- _PROBLEM TO SOLVE_: For the data below, restate word for word only the lines from the line containing "I had booked" through the line containing "(광주=포커스뉴스) 제20대 국회의원", both ends included.

Recorded data:
==================================================

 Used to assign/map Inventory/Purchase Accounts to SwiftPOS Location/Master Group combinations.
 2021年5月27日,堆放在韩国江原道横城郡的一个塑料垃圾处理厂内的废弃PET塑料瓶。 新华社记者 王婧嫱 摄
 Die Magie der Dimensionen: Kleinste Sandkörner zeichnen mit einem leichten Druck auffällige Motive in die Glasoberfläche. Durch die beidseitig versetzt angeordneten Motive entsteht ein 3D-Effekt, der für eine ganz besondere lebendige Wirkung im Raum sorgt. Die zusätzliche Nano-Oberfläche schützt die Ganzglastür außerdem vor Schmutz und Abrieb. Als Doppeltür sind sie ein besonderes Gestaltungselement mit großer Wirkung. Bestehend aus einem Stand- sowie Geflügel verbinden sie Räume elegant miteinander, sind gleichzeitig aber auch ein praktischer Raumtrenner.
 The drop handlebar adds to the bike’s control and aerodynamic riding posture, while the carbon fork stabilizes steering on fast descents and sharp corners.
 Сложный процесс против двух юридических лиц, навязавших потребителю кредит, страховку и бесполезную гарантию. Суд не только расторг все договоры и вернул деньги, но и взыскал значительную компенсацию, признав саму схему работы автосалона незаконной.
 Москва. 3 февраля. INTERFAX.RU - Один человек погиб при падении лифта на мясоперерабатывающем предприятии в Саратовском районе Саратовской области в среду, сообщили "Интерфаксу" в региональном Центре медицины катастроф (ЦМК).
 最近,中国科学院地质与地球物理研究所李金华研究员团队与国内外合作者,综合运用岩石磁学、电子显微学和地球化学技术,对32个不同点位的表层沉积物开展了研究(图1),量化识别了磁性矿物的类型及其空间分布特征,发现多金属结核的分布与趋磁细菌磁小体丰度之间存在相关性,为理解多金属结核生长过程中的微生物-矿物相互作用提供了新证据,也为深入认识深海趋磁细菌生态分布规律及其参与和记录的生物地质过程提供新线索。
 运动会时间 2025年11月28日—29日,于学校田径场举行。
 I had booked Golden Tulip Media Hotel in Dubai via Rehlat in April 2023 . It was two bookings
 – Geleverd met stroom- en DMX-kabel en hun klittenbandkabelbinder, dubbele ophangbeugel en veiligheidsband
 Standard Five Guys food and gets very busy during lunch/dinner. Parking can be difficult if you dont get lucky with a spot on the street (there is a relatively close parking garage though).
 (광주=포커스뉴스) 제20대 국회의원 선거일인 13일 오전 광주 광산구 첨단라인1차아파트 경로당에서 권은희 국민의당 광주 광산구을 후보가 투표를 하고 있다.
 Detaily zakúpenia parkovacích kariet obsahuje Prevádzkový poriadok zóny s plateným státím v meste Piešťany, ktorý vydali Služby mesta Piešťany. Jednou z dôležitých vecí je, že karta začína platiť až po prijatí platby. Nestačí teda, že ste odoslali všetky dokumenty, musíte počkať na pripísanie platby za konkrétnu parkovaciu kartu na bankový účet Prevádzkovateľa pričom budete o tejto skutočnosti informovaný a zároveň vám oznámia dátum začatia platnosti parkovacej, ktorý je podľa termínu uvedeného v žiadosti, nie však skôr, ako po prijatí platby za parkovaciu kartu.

==================================================

- _OUTPUT OF THE EXERCISE_:
 I had booked Golden Tulip Media Hotel in Dubai via Rehlat in April 2023 . It was two bookings
 – Geleverd met stroom- en DMX-kabel en hun klittenbandkabelbinder, dubbele ophangbeugel en veiligheidsband
 Standard Five Guys food and gets very busy during lunch/dinner. Parking can be difficult if you dont get lucky with a spot on the street (there is a relatively close parking garage though).
 (광주=포커스뉴스) 제20대 국회의원 선거일인 13일 오전 광주 광산구 첨단라인1차아파트 경로당에서 권은희 국민의당 광주 광산구을 후보가 투표를 하고 있다.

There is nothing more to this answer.